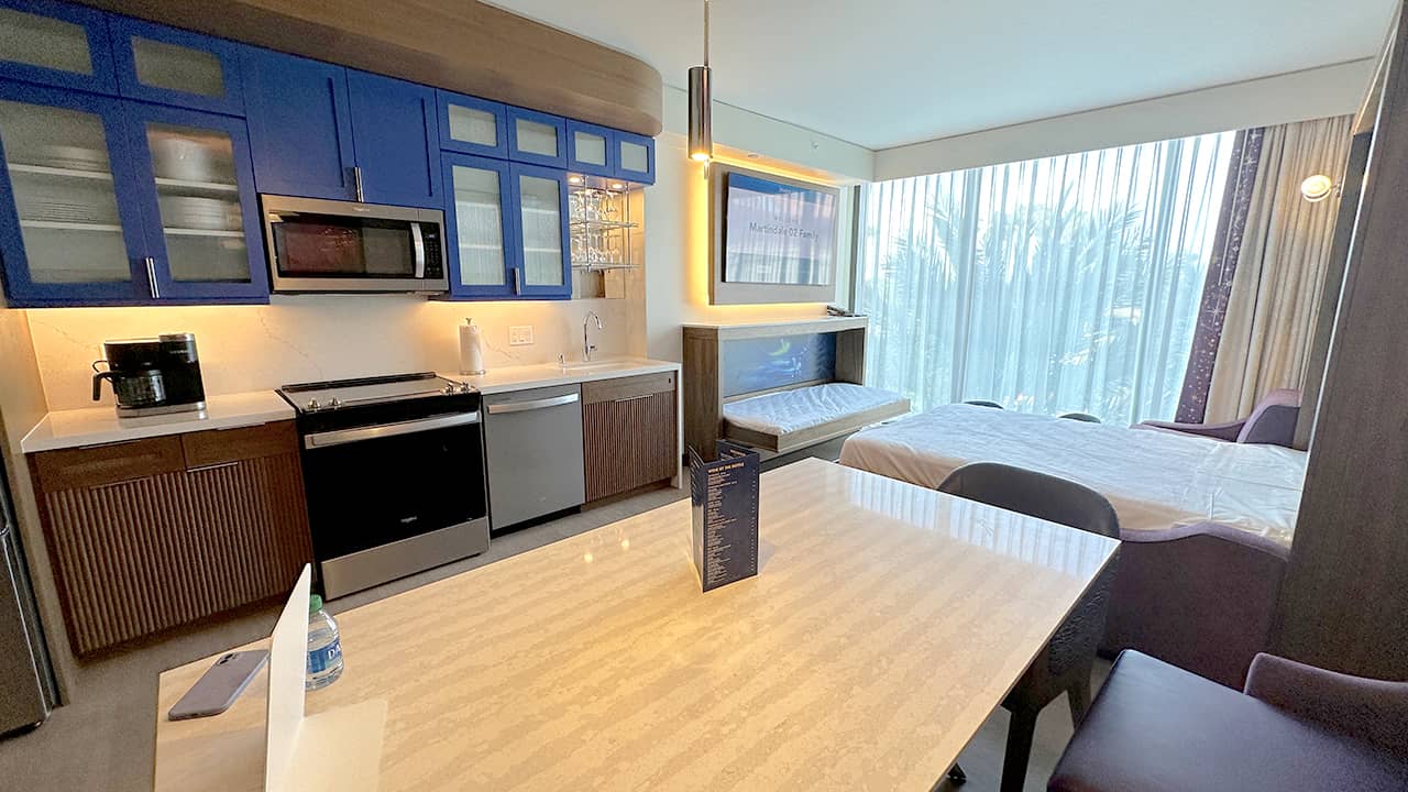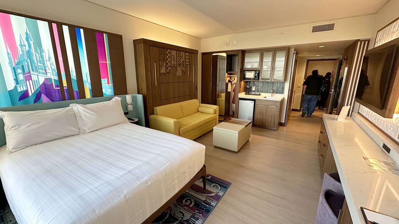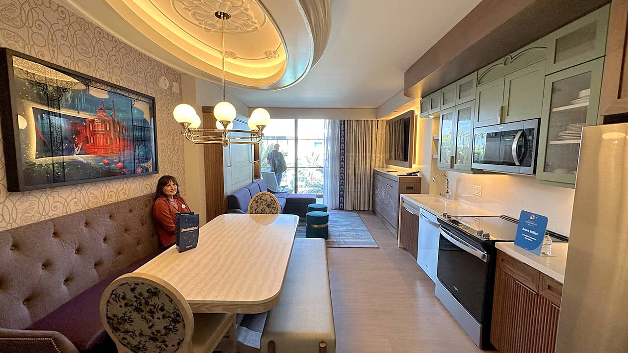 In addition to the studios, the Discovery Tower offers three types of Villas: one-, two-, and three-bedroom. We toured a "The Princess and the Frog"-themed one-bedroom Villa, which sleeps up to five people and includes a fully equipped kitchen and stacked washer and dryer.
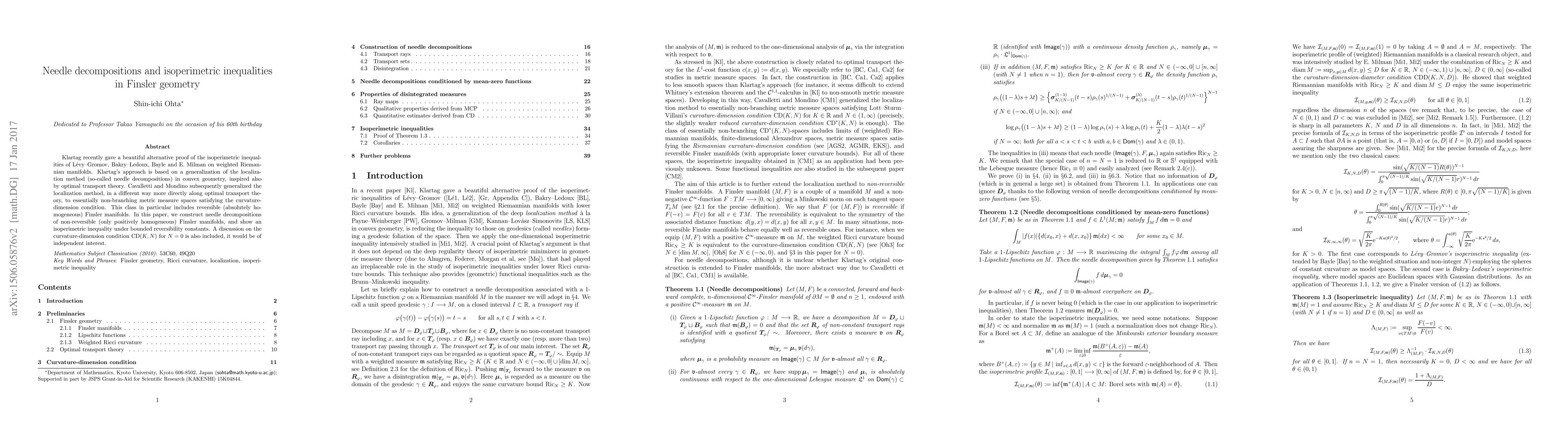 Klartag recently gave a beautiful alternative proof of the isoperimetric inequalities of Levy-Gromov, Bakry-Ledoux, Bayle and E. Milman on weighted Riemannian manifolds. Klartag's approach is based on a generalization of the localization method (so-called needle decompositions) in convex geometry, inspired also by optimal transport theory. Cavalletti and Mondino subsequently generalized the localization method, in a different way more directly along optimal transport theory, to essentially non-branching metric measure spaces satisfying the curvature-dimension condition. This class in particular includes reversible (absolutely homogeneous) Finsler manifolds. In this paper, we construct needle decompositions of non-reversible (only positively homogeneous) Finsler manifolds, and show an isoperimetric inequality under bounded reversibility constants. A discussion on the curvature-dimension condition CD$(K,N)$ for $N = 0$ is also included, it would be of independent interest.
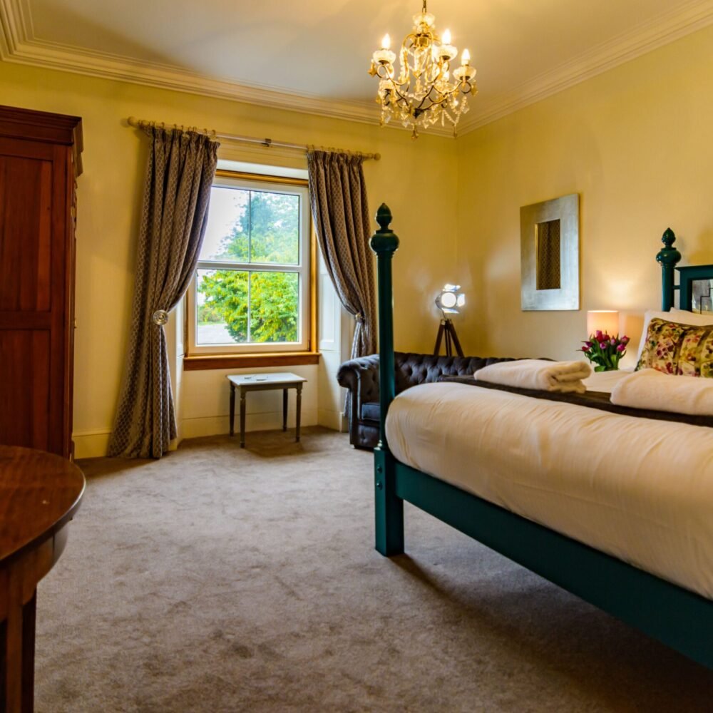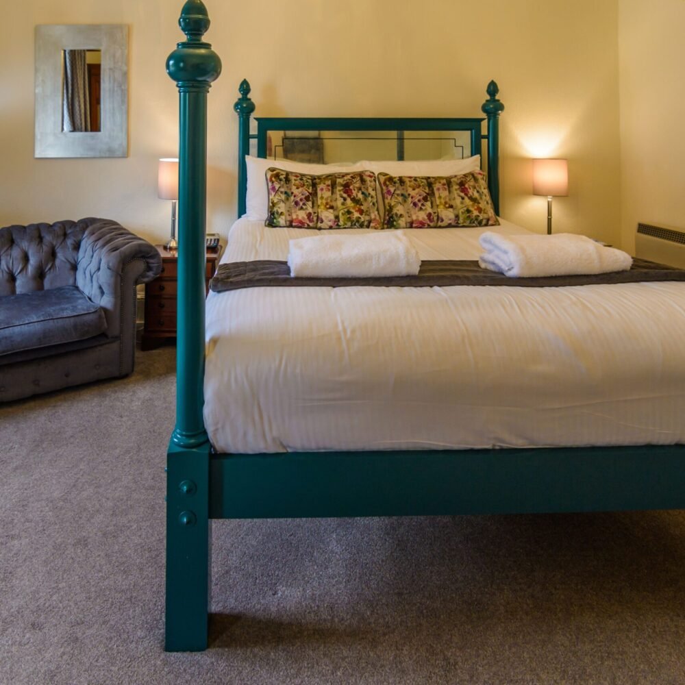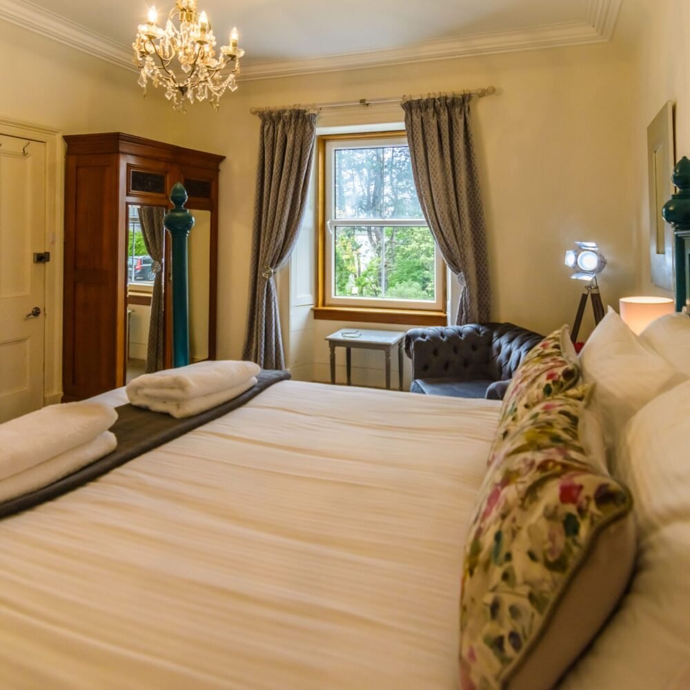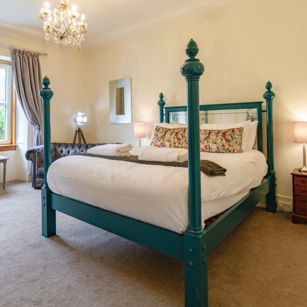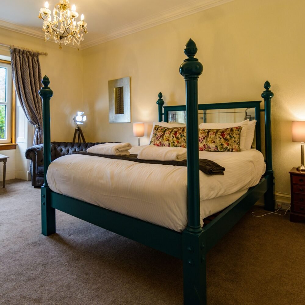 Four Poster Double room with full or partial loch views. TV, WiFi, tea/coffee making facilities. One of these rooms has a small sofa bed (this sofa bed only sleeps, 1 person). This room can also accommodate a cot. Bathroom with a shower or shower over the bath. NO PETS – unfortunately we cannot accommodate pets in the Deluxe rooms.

Your instructions.
Repeat the material exactly as it reads, without any of its pictures.

Answer to the problem.
 In addition to the studios, the Discovery Tower offers three types of Villas: one-, two-, and three-bedroom. We toured a "The Princess and the Frog"-themed one-bedroom Villa, which sleeps up to five people and includes a fully equipped kitchen and stacked washer and dryer.
 Klartag recently gave a beautiful alternative proof of the isoperimetric inequalities of Levy-Gromov, Bakry-Ledoux, Bayle and E. Milman on weighted Riemannian manifolds. Klartag's approach is based on a generalization of the localization method (so-called needle decompositions) in convex geometry, inspired also by optimal transport theory. Cavalletti and Mondino subsequently generalized the localization method, in a different way more directly along optimal transport theory, to essentially non-branching metric measure spaces satisfying the curvature-dimension condition. This class in particular includes reversible (absolutely homogeneous) Finsler manifolds. In this paper, we construct needle decompositions of non-reversible (only positively homogeneous) Finsler manifolds, and show an isoperimetric inequality under bounded reversibility constants. A discussion on the curvature-dimension condition CD$(K,N)$ for $N = 0$ is also included, it would be of independent interest.
 Four Poster Double room with full or partial loch views. TV, WiFi, tea/coffee making facilities. One of these rooms has a small sofa bed (this sofa bed only sleeps, 1 person). This room can also accommodate a cot. Bathroom with a shower or shower over the bath. NO PETS – unfortunately we cannot accommodate pets in the Deluxe rooms.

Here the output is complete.